И очень серьезная проблема, на что все жалуются, – это проблема этапирования и конвоирования. К примеру, человек ждет суда. Его поднимают в 4-5 утра. Ведут в холодный бокс. Он сидит в боксе без еды. Потом его, как селедку в бочку, в автозак. В автозаке в туалет нельзя сходить. Его везут в суд. Он без горячего питания весь день. А потом система такая, что их собирают всех вместе, развозят по следственным изоляторам. И только после отбоя он попадает в камеру, когда уже прошел ужин. А если он хочет из своей передачи макароны сварить, его уже могут наказать за нарушение режима, потому что он после отбоя пошел кушать. А то, что человек не ел весь день, будучи на суде... Организовать горячее питание в судах – до этого у нас еще далеко.

И проблема конвоирования. Так называемые "столыпинские" вагоны. Люди их очень боятся, особенно зимой, потому что там очень холодно, а летом там очень жарко. В купе набиваются люди, как в консервную банку.

И жалуются на жестокое обращение в колониях. Многие заключенные очень боятся ехать отбывать наказание в Мордовию, в Саратовскую область, во Владимирскую область, в Тверскую область, в Карелию. Вот мы приехали в СИЗО-11 в городе Ногинске – была истерика с человеком, потому что он не хотел ехать в Мордовию. Хорошо, что там оказались члены ОНК, и все-таки он поехал в Пензенскую область.
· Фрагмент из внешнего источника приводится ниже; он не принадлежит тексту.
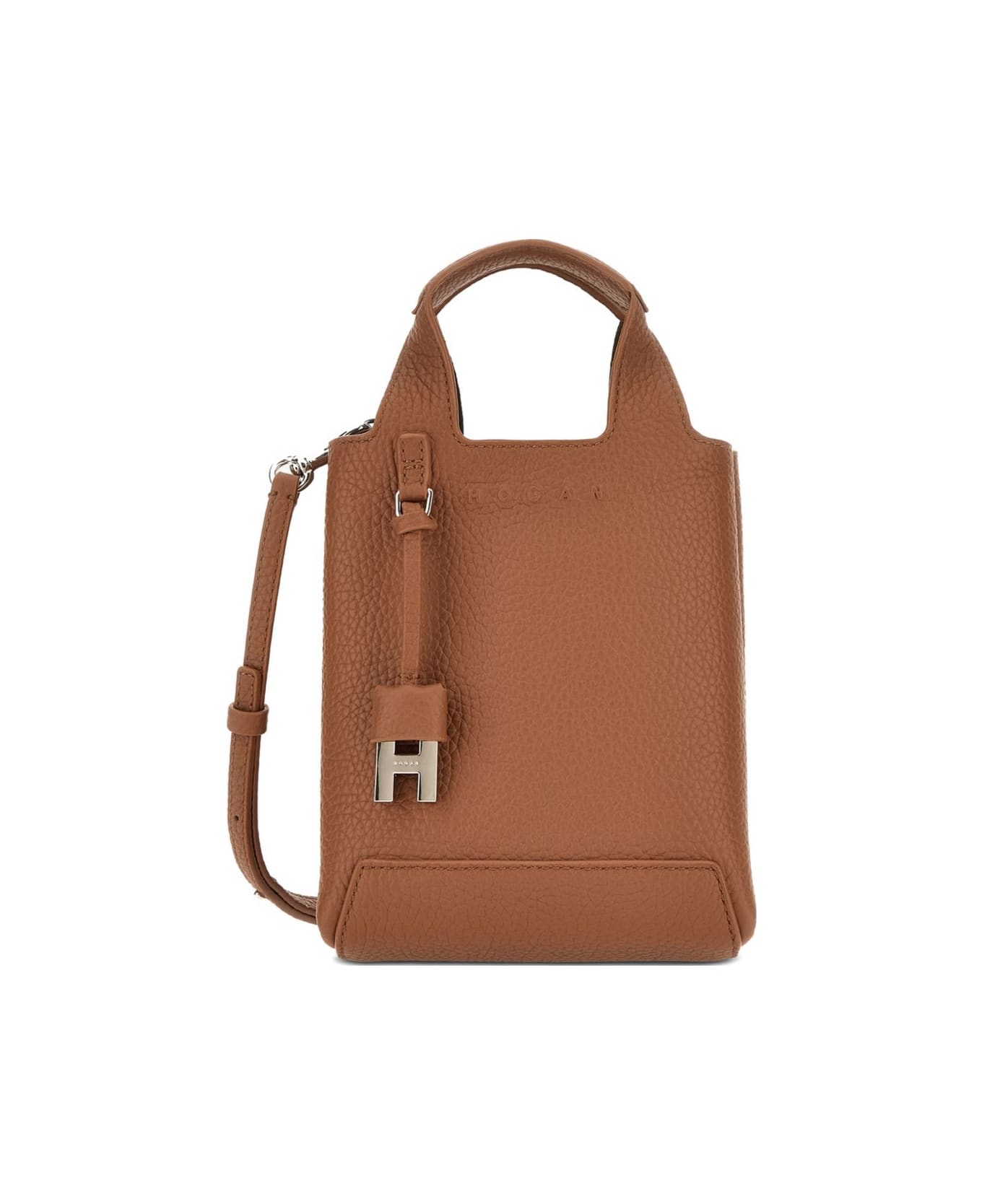Light brown Top handle Detachable shoulder strap Embossed logo Metallic charm Grainy texture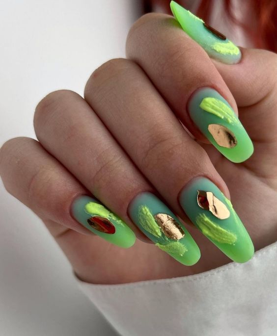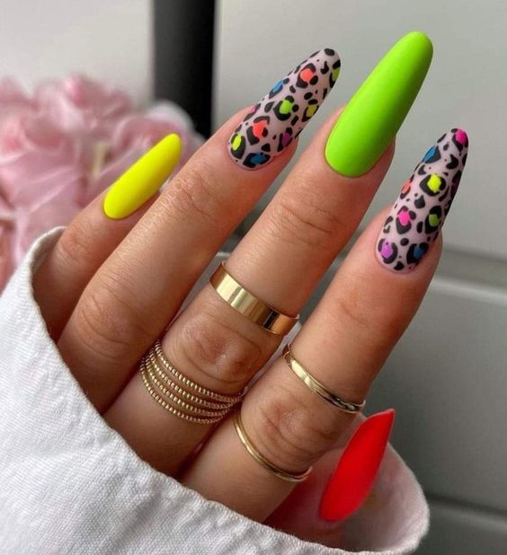 Starting with a bang, we’ve got a set of nails that screams summer fun. This multi-colored design combines bright neon green with a bold leopard print pattern. The alternating solid neon and patterned nails make for a lively contrast that’s sure to catch the eye. The long, stiletto shape adds an edgy sophistication, ideal for those who love a daring aesthetic. These nails are not just about color; they are a statement of confidence and individuality – perfect for those who want their hands to do the talking at summer soirées.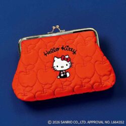 \『リンネル』3月号増刊の付録は、リンゴ形のキルティング生地に、ハローキティとロゴを刺しゅうであしらった豪華ながま口ポーチ/はっきりとした色味でバッグの中に入れていても目立つこと間違いなし。意外に大容量なので持ち歩きのコスメやガジェット入れにも◎デイリーに使ってほしいアイテムです。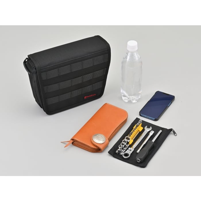 ハンドルやフレーム、グラブバー等に取付ける小さなバッグ。スマホや、財布、ペットボトル、車載工具などの小物入れに最適です。

Он говорил: "Мордовия, Карелия... Я боюсь, меня там убьют".

Владимир Кара-Мурза-старший: А насколько предвзятое отношение правоохранителей к заключенным, которые попали по "политическим" статьям?

Лев Пономарев: У нас были групповые посадки после митинга 6 мая на Болотной площади. Было посажено около 30 человек.
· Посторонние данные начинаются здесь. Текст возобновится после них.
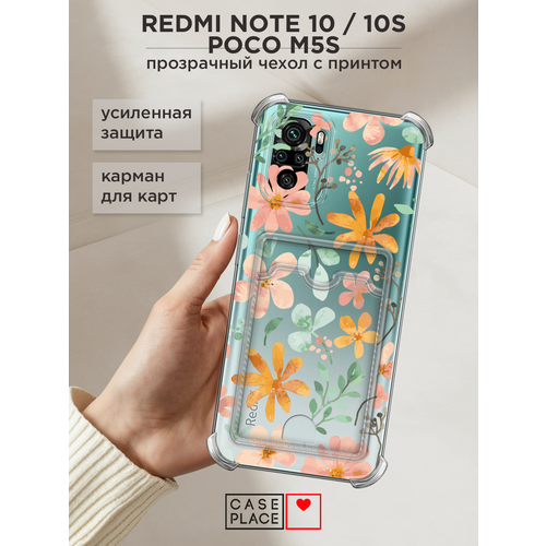 Чехол на Xiaomi Redmi Note 10/10S/Poco M5s (Редми Нот 10/10S/Поко M5s) с картой и принтом Цветочки и стебли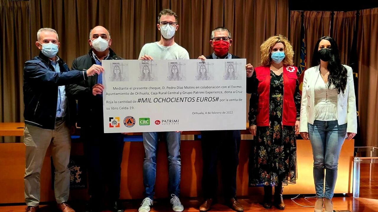 El Ayuntamiento de Orihuela asiste a la entrega del cheque a Cruz Roja con los beneficios de la venta del libro ‘Celda-19’ | onda cero vega baja

Дело в том, что большие проблемы есть в любой колонии – и медицина, и питание, и так далее. И пыточные зоны, где насилие осуществляется постоянно, как в Карельской колонии ИК-7. Если заключенный проявил какую-то дерзость, может быть, что-то ответил, его могут жестоко избить. А у нас по закону можно применить силу только в том случае, если есть угроза физического насилия по отношению к сотруднику. А когда этого нет, то силу применять нельзя. Есть система наказания – его можно поместить в ШИЗО, в помещение камерного типа. И при этом не бить. Но есть десятки зон, где насилие применяется каждый день. Там работают практически садисты. В таких колониях нормальные люди работать не могут.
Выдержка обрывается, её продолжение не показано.